DATA FOR PROCESSING

========

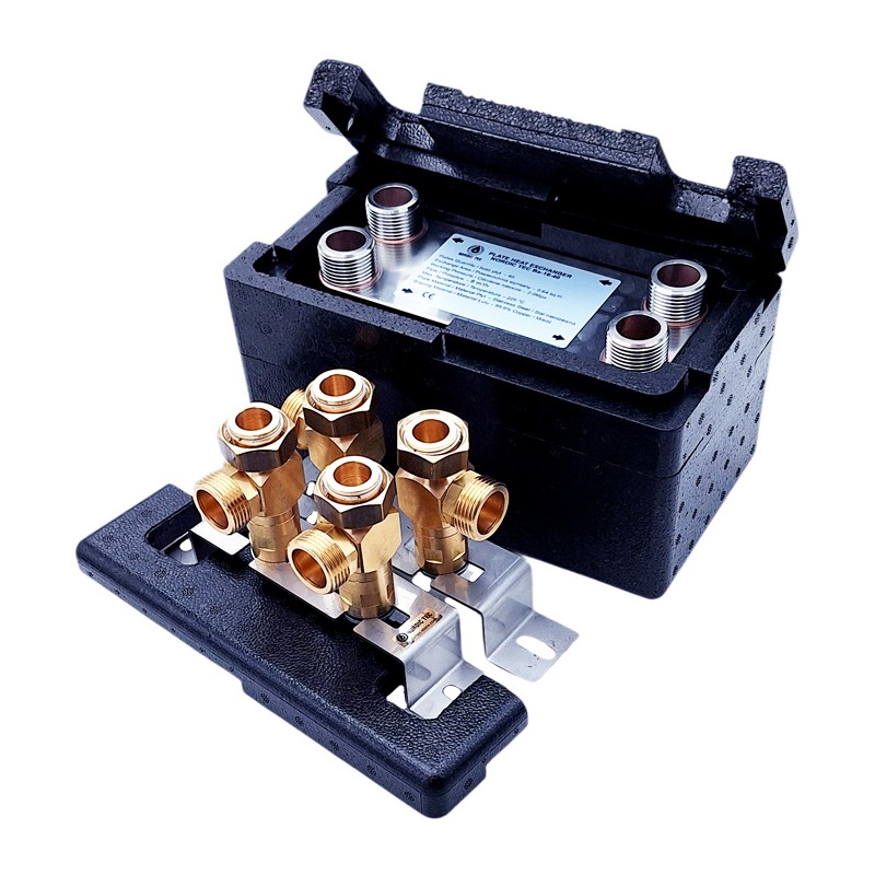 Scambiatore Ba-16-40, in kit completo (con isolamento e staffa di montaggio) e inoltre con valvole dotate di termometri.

========

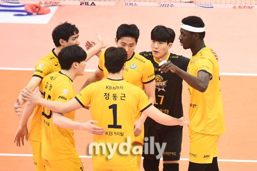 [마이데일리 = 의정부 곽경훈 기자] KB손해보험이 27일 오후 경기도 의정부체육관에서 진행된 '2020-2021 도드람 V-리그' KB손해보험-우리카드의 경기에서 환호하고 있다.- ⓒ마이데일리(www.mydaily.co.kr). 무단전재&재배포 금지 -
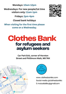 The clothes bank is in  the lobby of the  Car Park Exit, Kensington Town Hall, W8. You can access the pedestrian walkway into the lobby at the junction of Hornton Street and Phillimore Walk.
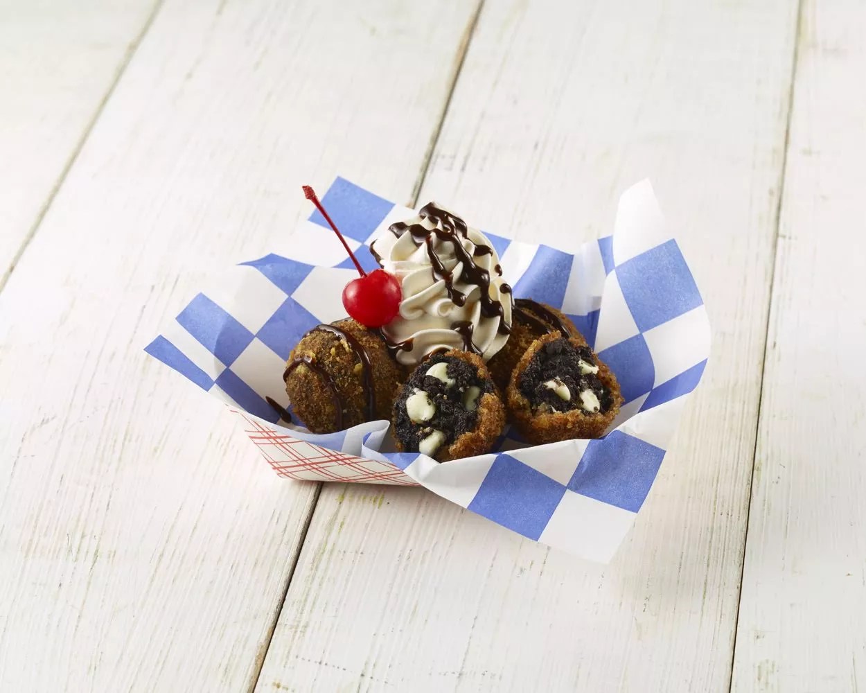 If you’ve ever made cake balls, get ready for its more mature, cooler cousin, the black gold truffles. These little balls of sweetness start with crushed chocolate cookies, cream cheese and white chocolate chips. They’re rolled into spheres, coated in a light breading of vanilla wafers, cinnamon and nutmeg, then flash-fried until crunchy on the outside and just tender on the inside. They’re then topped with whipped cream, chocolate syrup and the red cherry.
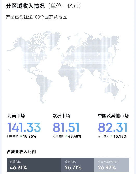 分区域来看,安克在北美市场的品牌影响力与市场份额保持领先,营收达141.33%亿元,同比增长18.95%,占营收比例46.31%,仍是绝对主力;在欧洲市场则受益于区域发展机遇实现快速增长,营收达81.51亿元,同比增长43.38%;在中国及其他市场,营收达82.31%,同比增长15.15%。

========

EXERCISE AIM
Copy the lines above exactly, starting at the one with "The clothes bank" and ending at the one with "分区域来看,安克在北美市场的", both included. Leave out any pictures and add nothing else.

EXERCISE SOLUTION
 The clothes bank is in  the lobby of the  Car Park Exit, Kensington Town Hall, W8. You can access the pedestrian walkway into the lobby at the junction of Hornton Street and Phillimore Walk.
 If you’ve ever made cake balls, get ready for its more mature, cooler cousin, the black gold truffles. These little balls of sweetness start with crushed chocolate cookies, cream cheese and white chocolate chips. They’re rolled into spheres, coated in a light breading of vanilla wafers, cinnamon and nutmeg, then flash-fried until crunchy on the outside and just tender on the inside. They’re then topped with whipped cream, chocolate syrup and the red cherry.
 分区域来看,安克在北美市场的品牌影响力与市场份额保持领先,营收达141.33%亿元,同比增长18.95%,占营收比例46.31%,仍是绝对主力;在欧洲市场则受益于区域发展机遇实现快速增长,营收达81.51亿元,同比增长43.38%;在中国及其他市场,营收达82.31%,同比增长15.15%。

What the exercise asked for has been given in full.